The Housing Ombudsman’s approach to investigating and determining complaints is to decide what is fair in all the circumstances of the case. This is set out in the Housing Act 1996 and the Housing Ombudsman Scheme (the Scheme). The Ombudsman considers the evidence and looks to see if there has been any ‘maladministration’, for example whether the landlord has failed to keep to the law, followed proper procedure, followed good practice or behaved in a reasonable and competent manner.

Both the resident and the landlord have submitted information to the Ombudsman and this has been carefully considered. Their accounts of what has happened are summarised below. This report is not an exhaustive description of all the events that have occurred in relation to this case, but an outline of the key issues as a background to the investigation’s findings.

The complaint

1.           The complaint is about the landlord’s response to the resident’s requests for it to provide her with a discounted gardening service (the service). 

Background

2.           The resident is an assured tenant of the property which is owned by the landlord, a housing association. She reports that she has health difficulties including fibromyalgia. The property is a family home which the resident occupies with an adult child. It has a large garden which the resident says she cannot manage due to her disability.

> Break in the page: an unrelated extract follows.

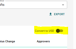 Brightflag allows you to convert invoice amounts to your company’s default currency on the Invoices page.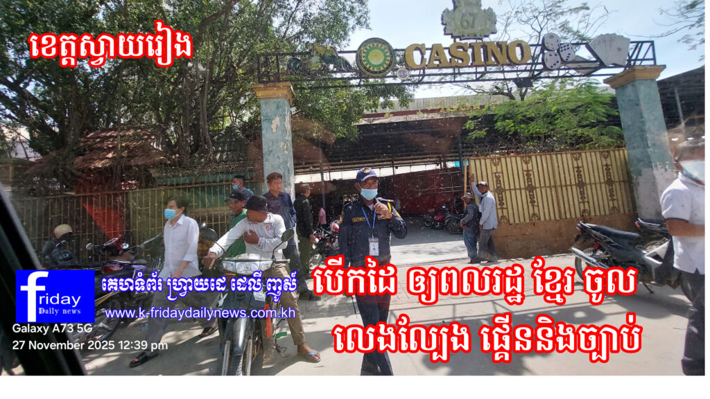 ខេត្តស្វាយរៀង៖ មហាជនបានរិះគន់ ថា កាស៊ីណូ៦៧ បើកល្បែងបញ្ជល់មាន់ ហើយបើកឲ្យប្រជាពលរដ្ឋខ្មែរចូលលេងភ្នាល់ល្បែងជល់មាន់ដោយសេរី ផ្គើនគោលនយោបាយភូមិឃុំ/សង្កាត់មានសុវត្ថិភាពដែលរាជរដ្ឋាភិបាលចេញបទបញ្ជាឲ្យរដ្ឋបាលថ្នាក់ក្រោមជាតិចុះបង្ក្រាបបិទល្បែងស៊ីសងគ្រប់ប្រភេទដើម្បីសុវត្ថិភាពសន្តិសុខសណ្តាប់ធ្នាប់នៅមូលដ្ឋាន ជាពិសេស កំពុងបំពានច្បាប់នៃព្រះរាជាណាចក្រកម្ពុជា ដែលមិនអនុញ្ញាតឲ្យពលរដ្ឋខ្មែរ ចូលលេងល្បែងសុីសង ក្នុងកាសុីណូ ឡើយ ។ មហាជនលើកឡើងនេះកើតឡើងនៅវេលាម៉ោង១និង០០នាទីរសៀលថ្ងៃទី២៧ ខែវិច្ឆិកា ឆ្នាំ ២០២៥ នៅភូមិស្រម៉ឃុំសំរោងស្រុកចន្ទ្រា។ ប្រជាពលរដ្ឋស្រុកចន្ទ្រាបានលើកឡើងថា ពួកគាត់មានការណ៍ព្រួយបារម្ភពីសុវត្ថិភាពសន្តិសុខគ្រួសារដោយប្តីនិងកូនចៅពួកគាត់បាននាំគ្នាទៅផ្សងសំណាងលេងល្បែងជល់មាន់នៅក្នុងកាស៊ីណូ៦៧ គេបើកបញ្ជល់មាន់ ហើយឲ្យខ្មែរចូលលេងដោយសេរីព្រួយបារម្ភៈពេលប្តីនិងកូនៗពួកគាត់ចាញ់ល្បែង ត្រឡប់មកវិញបង្កអំពើហិង្សាក្នុងគ្រួសារ ប៉ះពាល់ដល់ជីវភាពគ្រួសារ អសន្តិសុខ មានចោរលួចចោរប្លន់ ។ បើតាមសមត្ថកិច្ចនគបាលស្រុកចន្ទ្រា (សុំមិនបញ្ចេញឈ្មោះ) បានប្រាប់អ្នកសារព័ត៌មានយើងថា ការស៊ីណូ៦៧ មានទីតាំងនៅច្រកទ្វាតំបន់ព្រំដែនសំរោង ស្ថិតនៅភូមិស្រម៉ ឃុំសំរោង ស្រុកចន្រ្ទា ត្រូវបានសមត្ថកិច្ចថ្នាក់ជាតិបានចុះទៅបិទម្តងរួចហើយ ដោយអនុវត្តតាមបទបញ្ជាពីរាជរដ្ឋភិបាល បិទបាន១រយៈ ស្រាប់តែលោកបានទទួលព័ត៌មានពីអាជ្ញាធរ Read more

3.           The resident wrote to her MP in 2022, saying some of the landlord’s other tenants received the service but it would not offer it to her. The MP passed the letter to the landlord which responded to both the resident and the MP. It advised it had offered the service in the past but no longer did so. Only a few “historic” cases now remained. It said it was considering reintroducing the service and would tell the resident if it did so.

4.           The resident continued to raise the matter with the landlord and complained formally on 23 May 2023. She said it was unfair that her neighbour, who was in a wheelchair, received preferential treatment because their disability was obvious. She said the landlord refused to offer the service to her because her disability was invisible.

5.           In the landlord’s stage 1 response of 10 June 2023 it said it did not provide the service on the basis of disability. It had offered the service in the past but only 4 “historic cases” now received it. It was not open to new applicants.

6.           The resident escalated the complaint on 23 June 2023, saying it was “totally disgusting” that only 4 of the landlord’s 20,000 tenants received the service. She said that, if the landlord did not provide the service for everyone, it should not provide it for anyone.

7.           In its stage 2 response of 14 July 2023, the landlord repeated its stage 1 response and advised the resident to contact us if she wanted to take the matter further.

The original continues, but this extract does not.